+++ DATASET CONTENT +++
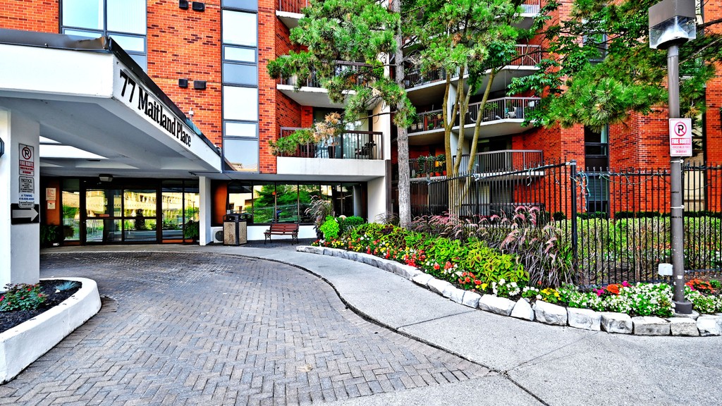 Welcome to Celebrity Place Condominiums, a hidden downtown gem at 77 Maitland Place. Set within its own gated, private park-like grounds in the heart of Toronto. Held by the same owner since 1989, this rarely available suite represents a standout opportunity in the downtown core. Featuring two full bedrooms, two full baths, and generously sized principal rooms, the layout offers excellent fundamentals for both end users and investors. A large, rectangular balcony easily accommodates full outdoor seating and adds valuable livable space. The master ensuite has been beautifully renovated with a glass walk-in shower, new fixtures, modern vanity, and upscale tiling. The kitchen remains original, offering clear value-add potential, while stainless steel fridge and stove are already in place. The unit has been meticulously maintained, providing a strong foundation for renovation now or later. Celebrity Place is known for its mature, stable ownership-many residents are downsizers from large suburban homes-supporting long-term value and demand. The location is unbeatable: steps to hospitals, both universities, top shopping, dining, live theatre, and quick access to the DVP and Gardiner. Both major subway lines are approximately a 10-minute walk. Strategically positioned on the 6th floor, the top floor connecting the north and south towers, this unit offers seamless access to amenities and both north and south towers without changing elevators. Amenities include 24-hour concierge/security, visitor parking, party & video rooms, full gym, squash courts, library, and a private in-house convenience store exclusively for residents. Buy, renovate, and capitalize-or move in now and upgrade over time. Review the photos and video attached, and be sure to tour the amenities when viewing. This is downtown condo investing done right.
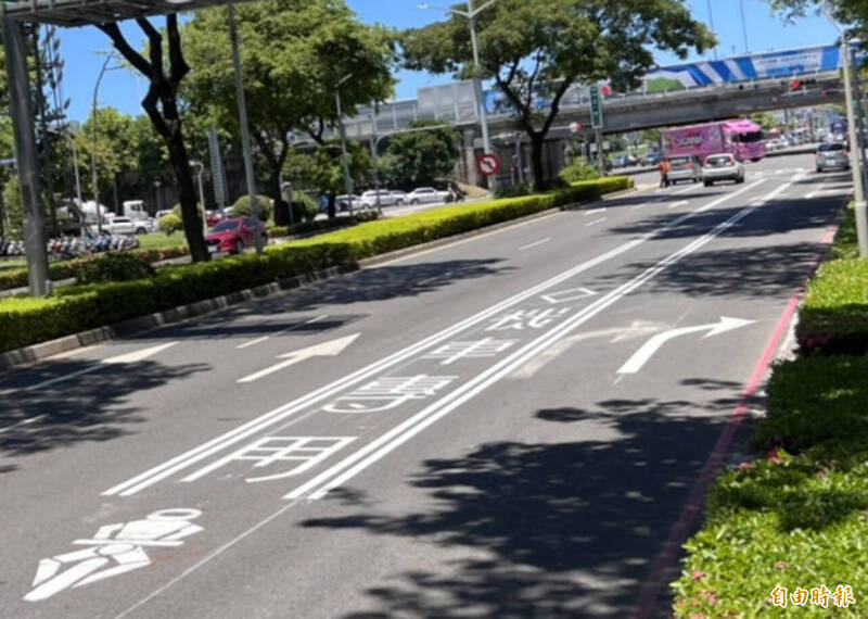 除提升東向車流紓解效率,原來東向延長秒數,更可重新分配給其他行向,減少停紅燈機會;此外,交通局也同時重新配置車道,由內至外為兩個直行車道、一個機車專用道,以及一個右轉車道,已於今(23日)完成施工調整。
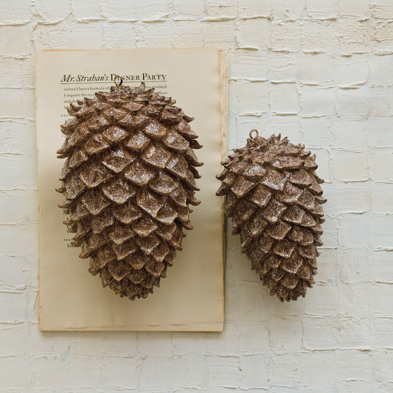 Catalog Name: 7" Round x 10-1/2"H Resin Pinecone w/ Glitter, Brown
+++
### WHAT YOU NEED TO DO
Leave out the pictures; repeat the data exactly.

### SOLVED PROBLEM
 Welcome to Celebrity Place Condominiums, a hidden downtown gem at 77 Maitland Place. Set within its own gated, private park-like grounds in the heart of Toronto. Held by the same owner since 1989, this rarely available suite represents a standout opportunity in the downtown core. Featuring two full bedrooms, two full baths, and generously sized principal rooms, the layout offers excellent fundamentals for both end users and investors. A large, rectangular balcony easily accommodates full outdoor seating and adds valuable livable space. The master ensuite has been beautifully renovated with a glass walk-in shower, new fixtures, modern vanity, and upscale tiling. The kitchen remains original, offering clear value-add potential, while stainless steel fridge and stove are already in place. The unit has been meticulously maintained, providing a strong foundation for renovation now or later. Celebrity Place is known for its mature, stable ownership-many residents are downsizers from large suburban homes-supporting long-term value and demand. The location is unbeatable: steps to hospitals, both universities, top shopping, dining, live theatre, and quick access to the DVP and Gardiner. Both major subway lines are approximately a 10-minute walk. Strategically positioned on the 6th floor, the top floor connecting the north and south towers, this unit offers seamless access to amenities and both north and south towers without changing elevators. Amenities include 24-hour concierge/security, visitor parking, party & video rooms, full gym, squash courts, library, and a private in-house convenience store exclusively for residents. Buy, renovate, and capitalize-or move in now and upgrade over time. Review the photos and video attached, and be sure to tour the amenities when viewing. This is downtown condo investing done right.
 除提升東向車流紓解效率,原來東向延長秒數,更可重新分配給其他行向,減少停紅燈機會;此外,交通局也同時重新配置車道,由內至外為兩個直行車道、一個機車專用道,以及一個右轉車道,已於今(23日)完成施工調整。
 Catalog Name: 7" Round x 10-1/2"H Resin Pinecone w/ Glitter, Brown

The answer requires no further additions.